To be, or not to be, that is the question—
Whether ’tis nobler in the mind to suffer
The slings and arrows of outrageous fortune,
Or to take arms against a sea of troubles,
And by opposing, end them?

~Prince Hamlet

Google ‘Getty Images’ and ‘demand letter’ and you’ll have your pick of vitriol-laced horror stories to choose from. The storylines vary case-by-case, but the narrative is usually the same: Getty Images is a predatory company that’s made an unscrupulous art form out of extorting millions of dollars from unsuspecting Internet-goers. Most of the accounts you’ll read go something like this: someone unwittingly uses an image from the company’s library without permission on his/her website, social media page or blog, triggering a pernicious demand letter containing sweeping allegations of copyright infringement. The demand letter then seeks compensation in an amount significantly above what most consider reasonable—but below what’s usually worth hiring a lawyer to mount a defense over—in exchange for the matter being dropped; leading ultimately to the response de rigueur of “just pay the bastards.”

It’s this perceived extortion as a business model that invokes such public hostility, has given rise to entire online gripe communities, and why, I suspect, if you’re conducting an opinion poll among Internet users asking what word best describes the Seattle-based company, you’ll get responses like “unreasonable,” “bully” and maybe even “criminal.” The negative sentiment runs deep, and was on full display recently when a particularly able-bodied recipient of one such demand letter (an intellectual property law firm), responded with a lawsuit of its own. The public’s jubilant response to the prospect of Getty getting some comeuppance sent a loud and clear message: Getty Images is the company everyone loves to hate.
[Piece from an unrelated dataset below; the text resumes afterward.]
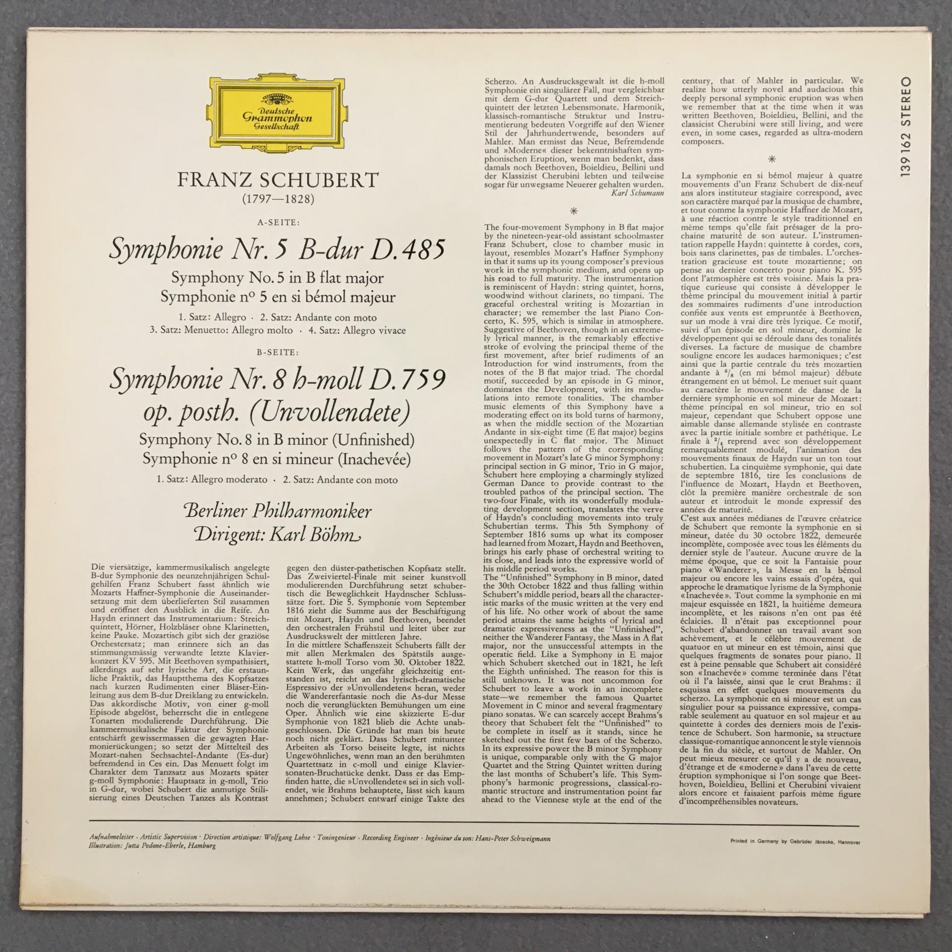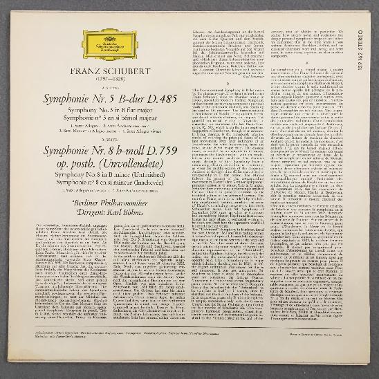 O251 Schubert Symphonies No.5 & No.8 Bohm BPO DGG 139 162 SLPM Stereo

But is Getty really the villain people make it out to be? Or is it merely a misunderstood company doing what it can to protect its interests and guard its digital property in this age of point, click and copy?

A Getty state-of-mind

Getty, along with its network of subsidiaries like iStock and Thinkstock, own the rights to over 80 million images in their combined libraries and archival collections. These images range from the mundane and everyday, to the timeless and truly iconic. Combine these still images with millions of hours of stock video footage and stock music, and the profile of a company with a lot of capital invested in intellectual assets—and a lot to lose from the theft of those assets—becomes apparent.

But unlike the prized assets of most companies, Getty’s aren’t locked away in a secret vault or safeguarded behind multiple firewalls. They can be stolen at any time, by anyone, at the click of a mouse, from the comfort of a person’s favorite easy chair. And that’s the problem. It’s the combination of the sprawling size of the company’s IP portfolio and the ease with which it can be raided that has caused it to take what many view as extreme enforcement measures. The most notorious of those measures, and the one drawing the most widespread indignation, is the use of automated web-tracking software to police unauthorized image use. This is software that uses image recognition technology to scour the Internet for infringing images, relieving the human beings charged with minding the store of the time-exhaustive monotony of policing tens of millions of random IP addresses.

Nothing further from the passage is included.